A single Welsh police force wouldn’t necessarily benefit Wales, according to the four Police and Crime Commissioners for the country.

Commissioners are directly elected for each force in England and Wales. Here there are four: Gwent, South Wales, Dyfed-Powys and North Wales. 

MPs on the Commons Welsh Affairs Committee have been quizzing them in a one-off session on the role and duties of the commissioners. 

They were asked by Plaid Cymru MP Ben Lake what they thought about merging the four forces, something that was proposed and rejected under the last Labour UK Government. 

The Commissioner for North Wales, Andy Dunbobbin, told the committee that the four forces work well together without being merged. 

He said that “it would take away that localised policing approach. And I think the more locally you can make decisions we know, and evidence would suggest, that you're going to get a better outcome.”

The Deputy Police and Crime Commissioner for Gwent Police Eleri Thomas agreed saying that “having the four forces ensures that local connectivity, and the focus is very much on delivering that for the community, but absolutely maximising the opportunity of collaboration and partnership, wherever possible.”

Dyfed Powys’ commissioner Dafydd Llywelyn warned that “there's a danger with thinking about the single force, certainly from a perspective of police commissioner that serves a very rural community, that we could see resources being pulled to the more urban areas.”

And Alun Michael, the commissioner for South Wales, who had been a minister in that Labour government said that there was “nothing that can be achieved by merger that cannot be achieved by collaboration” and that “we've demonstrated a talent for collaboration in Wales, not just between the forces but with others, including local government, and it would be very difficult to do that collaboration on an all-Wales basis rather than based on the reality: the more urban, the valleys communities, and so on.”

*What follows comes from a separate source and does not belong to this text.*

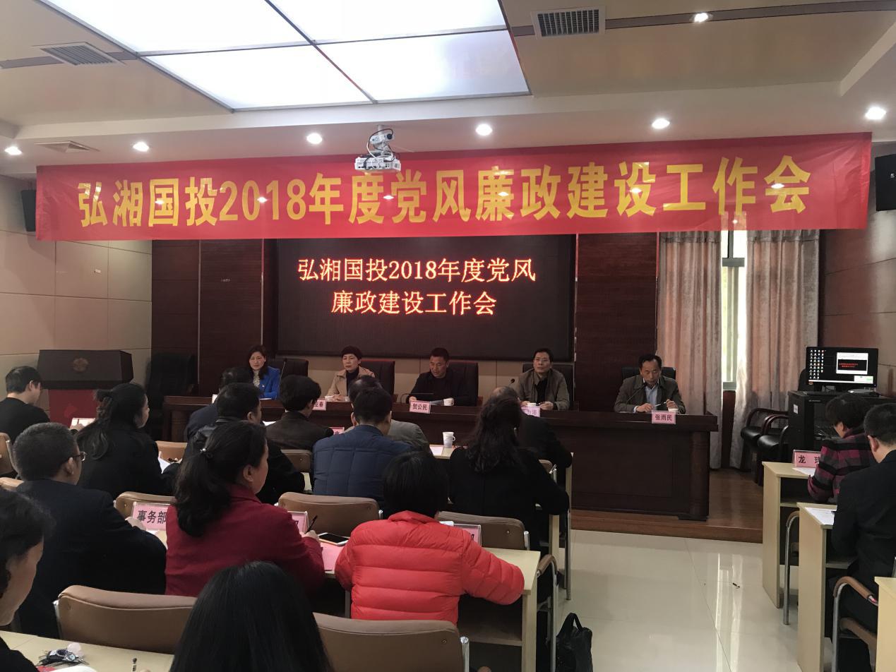 3月1日,弘湘国投召开2018年度党风廉政建设工作会议,公司本部全体人员、子公司班子成员及纪检联络员近70人参加会议。公司党组书记、董事长张力沛讲话,公司总经理张雨民主持会议,公司纪检组长阳丽萍作工作报告。市纪委正处级纪检监督员贺公民及市纪委四室主任许亚春出席会议并作重要讲话。

He also said the different views of different commissioners was positive: “We have a very lively discussion now with Welsh Government ministers and ministers in the UK Government because there are four voices and we can represent different the different needs of different areas. Why would you throw that away?”

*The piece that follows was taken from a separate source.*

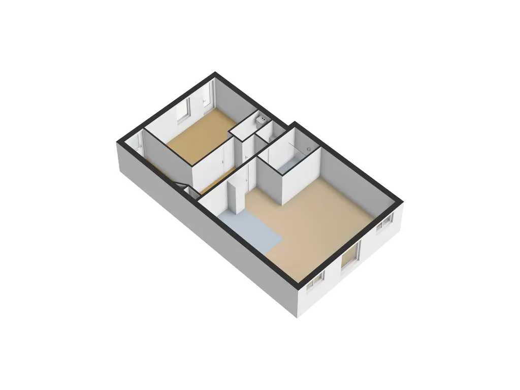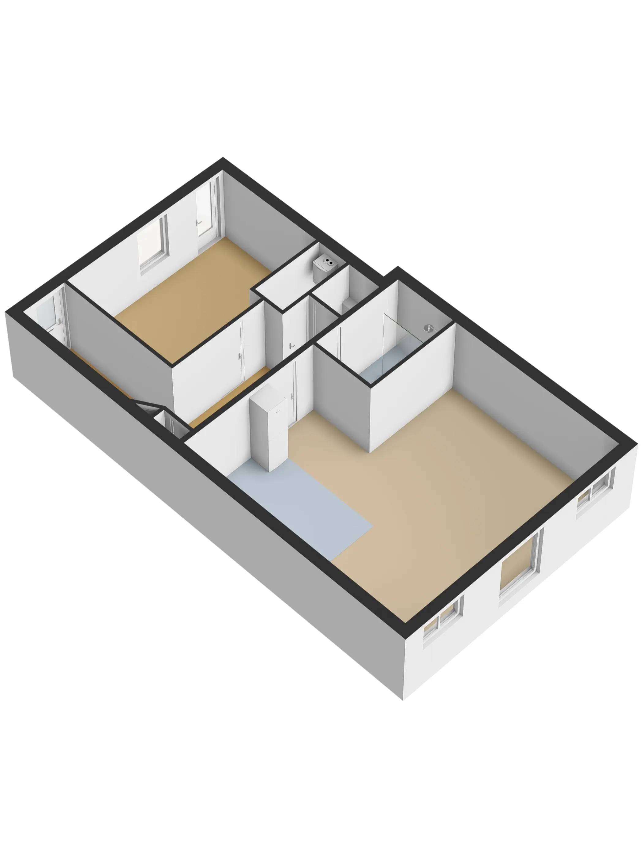 Bij binnenkomst valt direct de lange hal op, voorzien van een sfeervolle nis, meterkast en vaste kast. De afwerking met laminaatvloer en strakke wanden zorgt voor een warme en verzorgde uitstraling.

Alun Michael also said that he thinks the Metropolitan Police - Britain’s largest force and the focus of controversy and scrutiny - is too big. 

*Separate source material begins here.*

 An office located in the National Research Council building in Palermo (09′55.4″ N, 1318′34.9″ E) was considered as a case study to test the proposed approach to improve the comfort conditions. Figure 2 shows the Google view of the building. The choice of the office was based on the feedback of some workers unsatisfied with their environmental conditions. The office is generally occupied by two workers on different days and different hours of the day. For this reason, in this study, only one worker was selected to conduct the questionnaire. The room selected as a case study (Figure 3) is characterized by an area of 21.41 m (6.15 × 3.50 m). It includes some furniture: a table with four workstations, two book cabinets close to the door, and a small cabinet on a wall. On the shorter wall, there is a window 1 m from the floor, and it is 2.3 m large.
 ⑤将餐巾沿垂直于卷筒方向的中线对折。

Mr Michael, who is a former Policing Minister, said that when he had that rôle “I was the police authority for the Metropolitan Police and came to the conclusion of the Metropolitan Police is much too big for people to be able to see from the top of the top to the bottom of the organisation.”

Asked by the Committee’s chair, Stephen Crabb is he still thought that, Mr Michael said “Yes” but he stopped short of saying the force should be broken up.

“I think there's a very big challenge about how you would deal with the with the Met.

“The larger the force, the longer the line of responsibility from the Chief Officer to the people who are doing things on the ground. And I think where we benefit even in South Wales police, which is the largest of the four polices is very good connectivity between the Chief Constable  and the chief officer team, and the officers are doing things whether they're doing them in Swansea or Cardiff or or Merthyr."